Nicht jeder Unternehmer setzt jedoch den Willen der gesellschaftlichen Mehrheit in diesem Land um. Das ist zutiefst undemokratisch und ein großes Ärgernis. Es kann nicht richtig sein, dass die egoistischen Interessen Einzelner das große solidarische Ziel der Null-Energiewende verhindern. Schon im Grundgesetz steht doch, dass Eigentum verpflichtet. Die neue Regierung hat daher bereits die Verfassung konkretisiert, die dem Staat ermöglicht, Unternehmen zu vergesellschaften. Vor einigen Tagen wurde bekannt, dass aufgrund dieses Umstandes einige Großkapitalisten ihr Unternehmen geschlossen und verlassen haben. In der Not sprang die Regierung sofort ein und besetzte die Unternehmensführung mit verdienten Parteikadern. Vielleicht ergibt sich da ja noch etwas für meinen Vetter Klaus, der gerade sein Soziologiestudium nach 37 Semester abgebrochen hat und nun als Taxifahrer unterwegs ist. Immerhin engagierte er sich schon zu Beginn seines Studiums im Kommunistischen Hochschulbund und er ist jetzt eigentlich auch mal dran. Von den Unternehmern war nichts mehr zu sehen. Sie haben sich der Besteuerung ihres Welteinkommens durch Republikflucht entzogen. Viele vermuten, dass sie auf ihren Motoryachten auf den Weltmeeren herumirren oder eine griechische Insel gekauft haben. Interpol und die Bundesmarine sind inzwischen auf der Suche, um die Steuerflüchtlinge zu fassen und ihrer gerechten Strafe zuzuführen.
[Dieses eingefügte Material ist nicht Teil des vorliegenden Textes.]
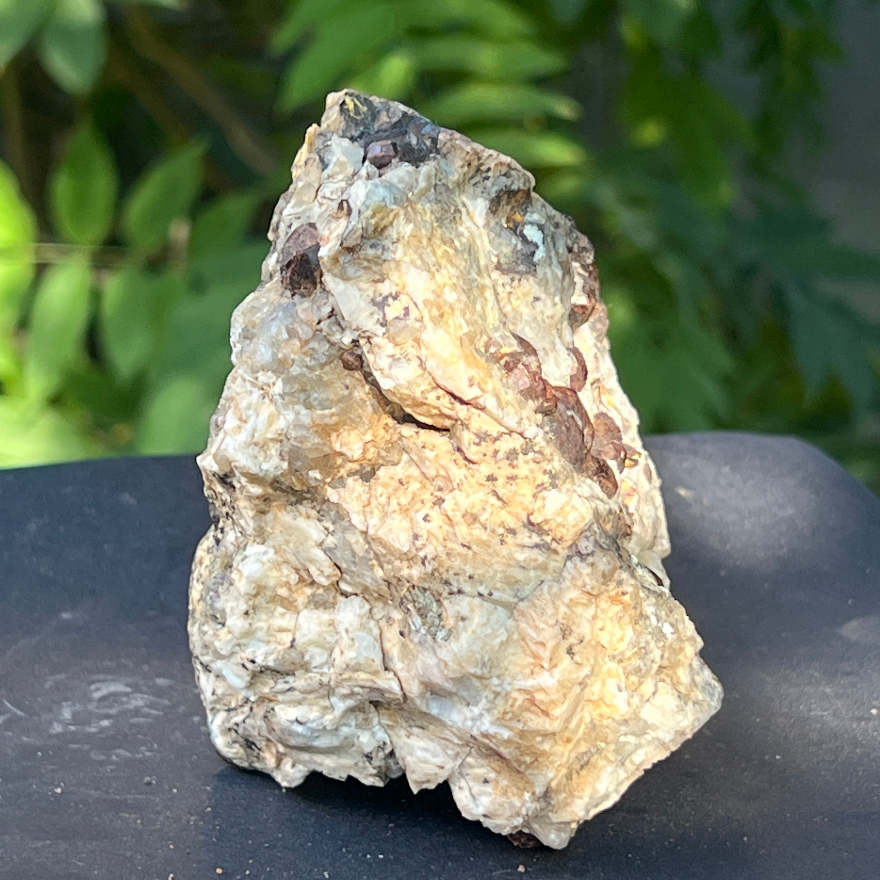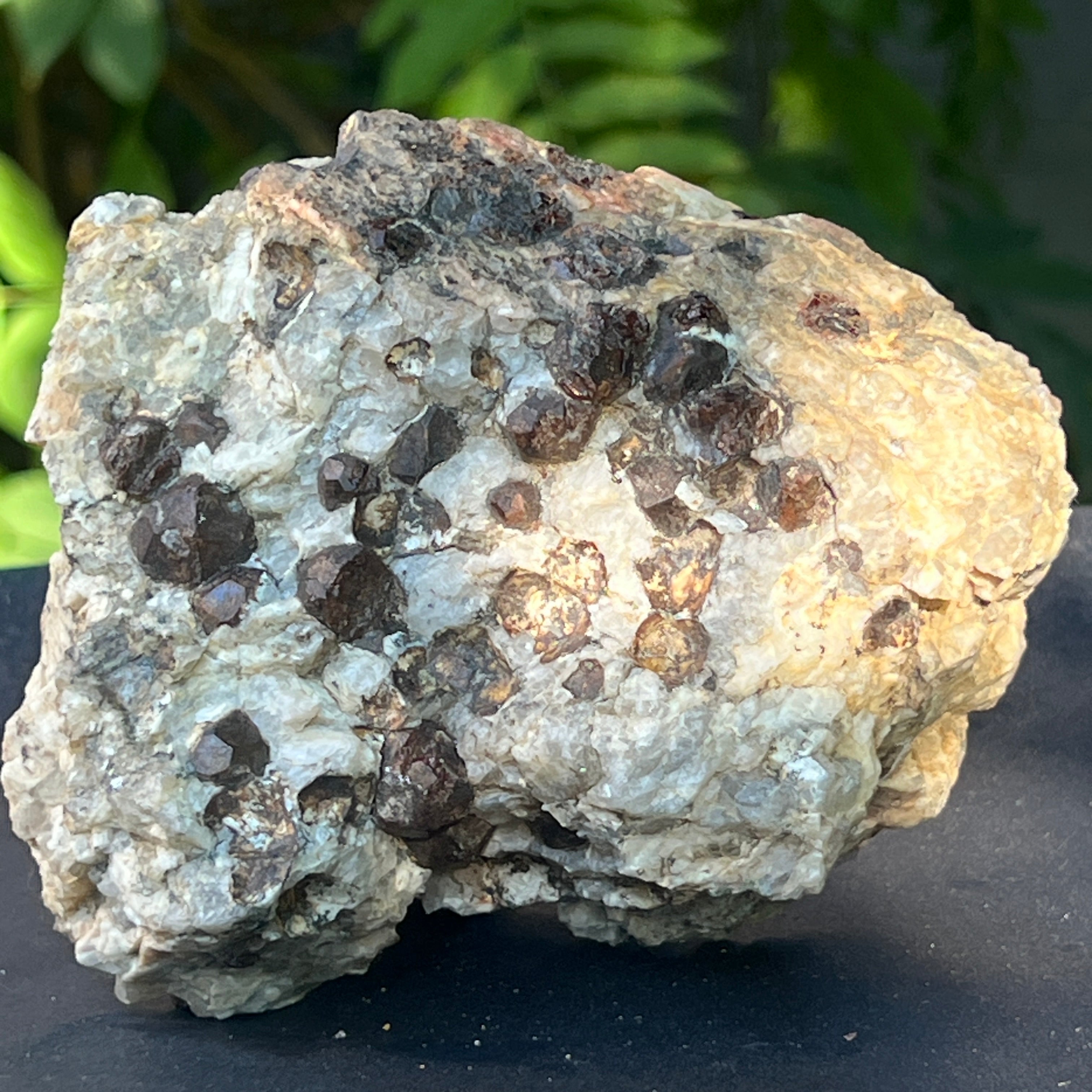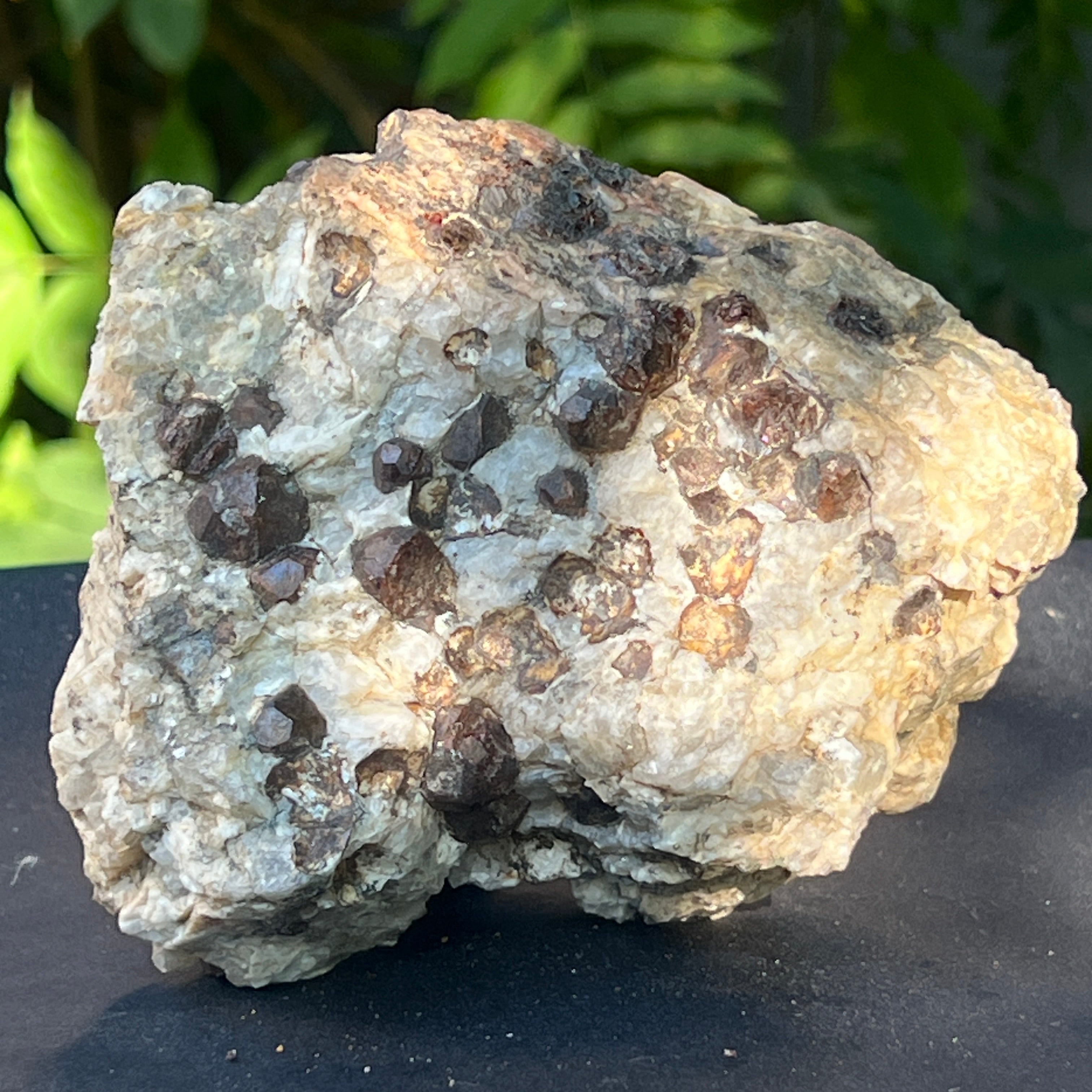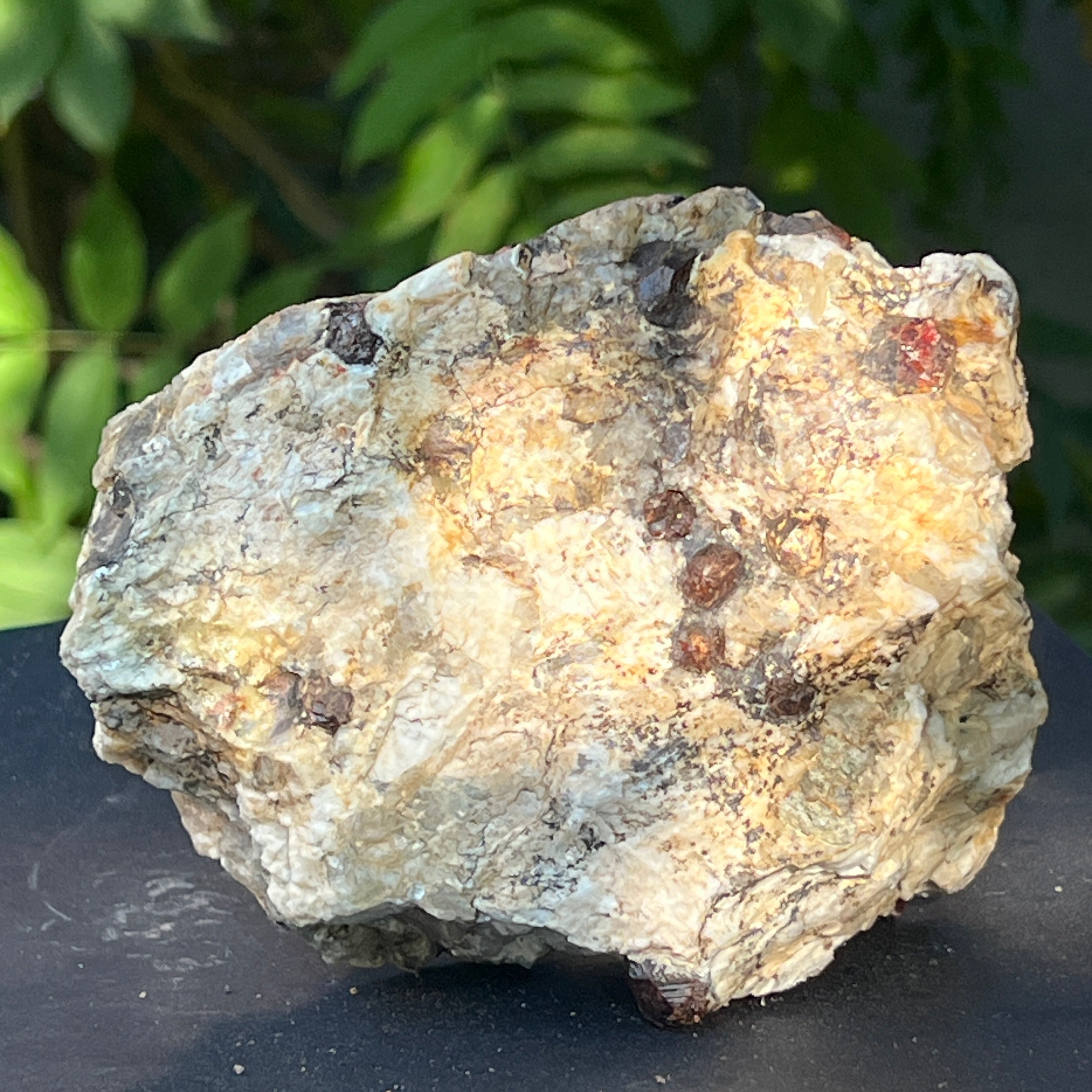 A barnás-vörös színű almandin gránát kristályok természetes módon ágyazódnak a kvarc és a földpát mátrixba, feltárva a geológiai folyamatot, amely során keletkeztek. A mélység alatti nyomás és hő hatására ezek az ásványok a föld átalakulásainak tanúivá váltak. A világos mátrix kiemeli az anya kő és a gránátok mély fényének kontrasztját.
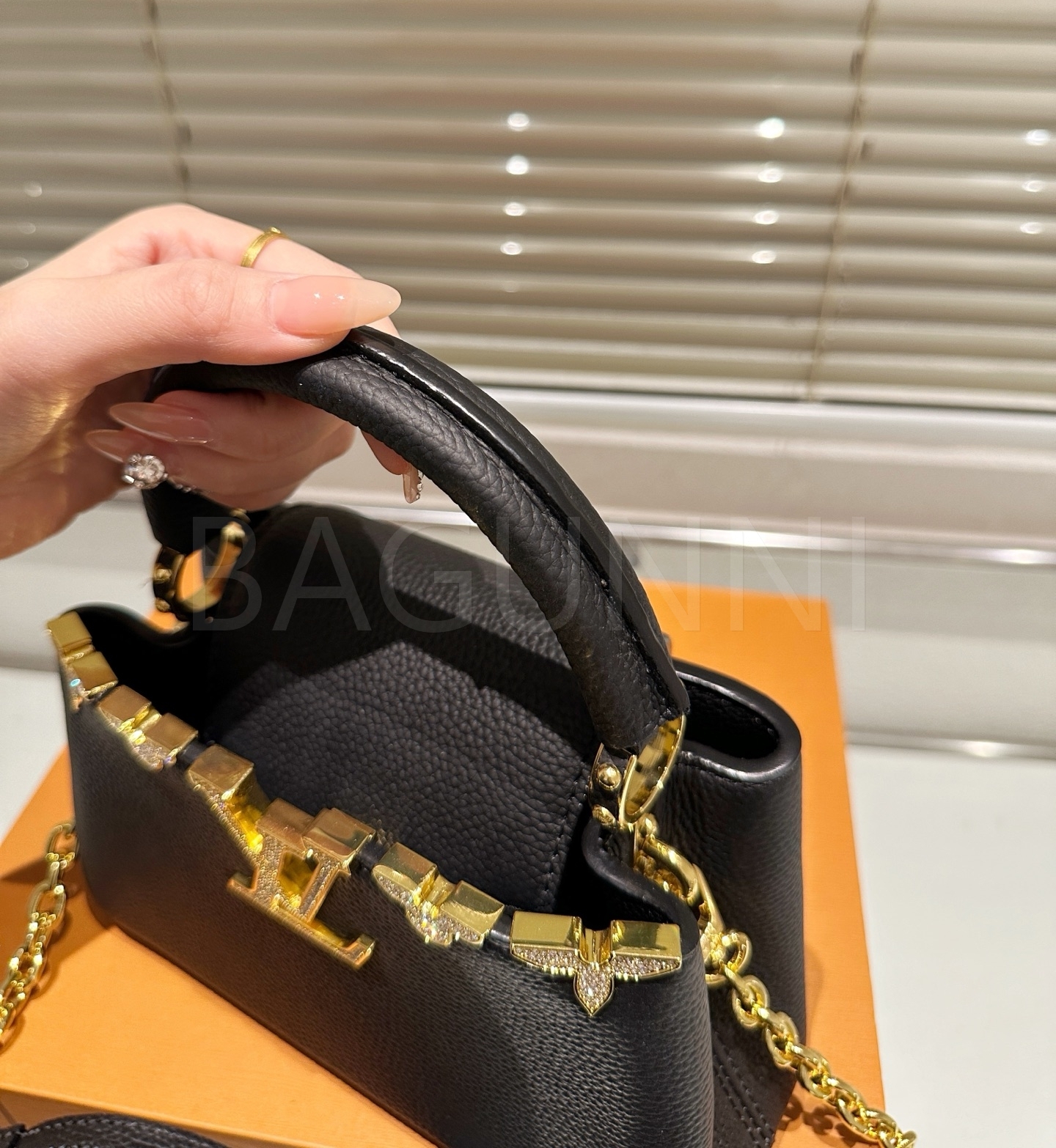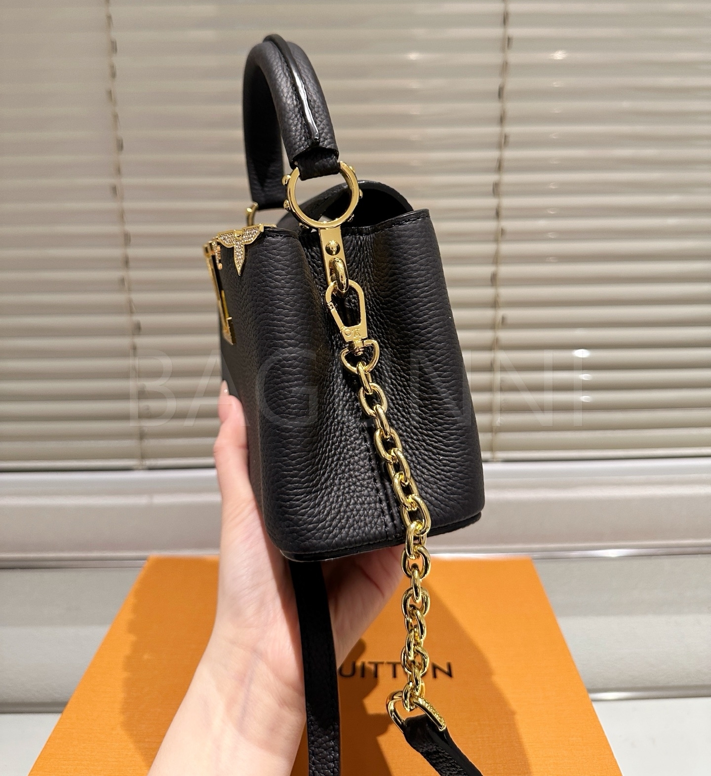 루이비통 카퓌신 미니 탑핸들백은 세련된 실루엣을 담은 아이템입니다.

Die Politik der neuen Regierung wirkt. Der CO2-Ausstoß ist merklich reduziert. Dies wurde auch erreicht, weil die Produktion an Autos, Fleisch und Milch untersagt werden konnte.

Jetzt produzieren die vergesellschafteten Betriebe ökologisch und sozial gerechte Produkte, die von einer demokratischen Mehrheit entschieden werden. Besonders beliebt sind aktuell Norwegerpullis, Tofu und stilles Wasser. Prost Mahlzeit!